ABOUT THIS EXERCISE » Transcribe only the lines in the data below falling between the line with "根据访客搜索词、落地页、关键词、来源渠道等主动弹窗不同破冰话术,引导访客开口" and the line with "就労移行支援事業所 クロスジョブ米子様からはQUOカード 3,000円分です。", including those two lines, and leave out any picture.

GIVEN RECORDS »
==========
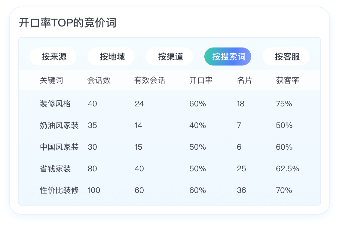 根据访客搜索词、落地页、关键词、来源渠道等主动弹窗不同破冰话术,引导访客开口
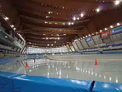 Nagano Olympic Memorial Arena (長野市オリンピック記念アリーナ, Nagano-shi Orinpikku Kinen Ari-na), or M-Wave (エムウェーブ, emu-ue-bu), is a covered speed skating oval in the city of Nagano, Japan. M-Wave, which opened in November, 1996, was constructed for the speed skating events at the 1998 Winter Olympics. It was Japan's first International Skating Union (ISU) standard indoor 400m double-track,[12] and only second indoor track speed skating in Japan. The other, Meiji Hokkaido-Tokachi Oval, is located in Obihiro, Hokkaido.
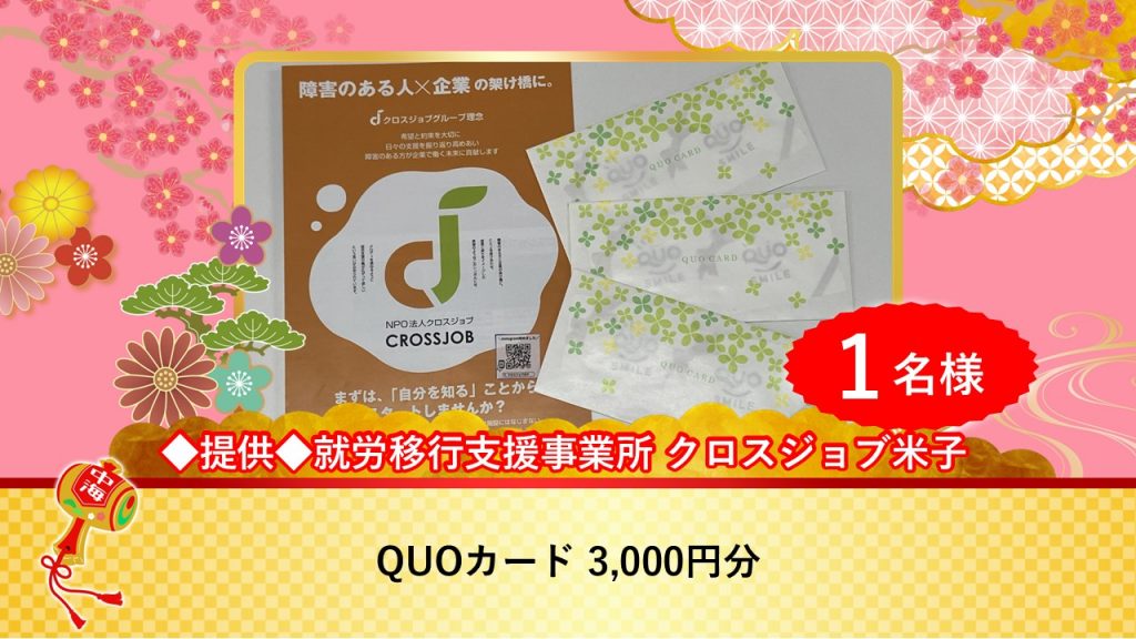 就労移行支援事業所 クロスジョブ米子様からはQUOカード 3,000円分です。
==========
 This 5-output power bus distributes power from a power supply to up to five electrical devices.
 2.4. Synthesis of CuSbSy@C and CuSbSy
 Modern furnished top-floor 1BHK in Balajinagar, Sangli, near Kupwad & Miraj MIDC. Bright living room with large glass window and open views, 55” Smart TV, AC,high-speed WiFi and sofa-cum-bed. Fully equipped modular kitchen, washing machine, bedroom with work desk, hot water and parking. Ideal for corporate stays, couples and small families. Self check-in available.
==========
TASK RESPONSE »
 根据访客搜索词、落地页、关键词、来源渠道等主动弹窗不同破冰话术,引导访客开口
 Nagano Olympic Memorial Arena (長野市オリンピック記念アリーナ, Nagano-shi Orinpikku Kinen Ari-na), or M-Wave (エムウェーブ, emu-ue-bu), is a covered speed skating oval in the city of Nagano, Japan. M-Wave, which opened in November, 1996, was constructed for the speed skating events at the 1998 Winter Olympics. It was Japan's first International Skating Union (ISU) standard indoor 400m double-track,[12] and only second indoor track speed skating in Japan. The other, Meiji Hokkaido-Tokachi Oval, is located in Obihiro, Hokkaido.
 就労移行支援事業所 クロスジョブ米子様からはQUOカード 3,000円分です。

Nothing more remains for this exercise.